4 While the formation of the BMW was not part of the strategic plan of the United Democratic Front (UDF) in the Western Cape, its emergence was welcomed and endorsed by the organisation. Desmond Grootboom, former UDF chairperson of the Bonteheuwel area committee, said:
We were very aware and conscious of the BMW. We obviously approved…. The BMW was very much part of the struggle family… there was an understanding that they fell under the political leadership of the UDF. However, it was not a situation of command control.2
5 In time, however, the BMW became increasingly independent, operating as a paramilitary organisation outside the formal discipline of the UDF. The relationship between the UDF and the BMW became strained as ideologies and modus operandi diverged.

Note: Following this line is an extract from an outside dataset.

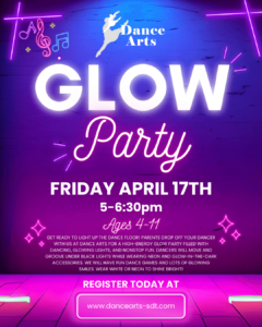 Parents drop off your dancer with us at Dance Arts for a high-energy Glow Party filled with dancing, glowing lights, and nonstop fun.

6 In addition to links with the UDF, the BMW developed very close alliances with the African National Congress (ANC) and Umkhonto weSizwe (MK). A number of young BMW members were recruited into MK and underwent military training either outside South Africa or within existing MK cells in the Western Cape. Most of this training took the form of short ‘crash courses’ in the use of arms and explosives. Those who attended the courses were afterwards expected to return to the BMW and pass on their training to others. The BMW was armed from a number of sources, including arms stolen from policemen, bought from local gangsters, supplied by MK operatives in South Africa or smuggled into the country by BMW members returning from training in exile. Weapons ranged from homemade ‘zipguns’ to hand grenades and rocket launchers.
7 The BMW launched a number of operations, including attacks on vehicles belonging mainly to the state and private companies, attacks on security force personnel and attacks on installations such as police stations, post offices and railway stations. In the course of these attacks, a number of individuals were seriously injured or killed.
8 Eventually, the BMW acquired a reputation that made it the focus of security force attention: “Hierdie aktieviste leiers is die kern van die probleem en hul verwydering is noodsaaklik”.3 (These activist leaders are the core of the problem and their removal is essential.) In 1986, a number of special unrest investigation units were set up to address the ‘unrest’ problems in the Western Cape; the Athlone unit was responsible for infiltrating and halting the activities of the BMW.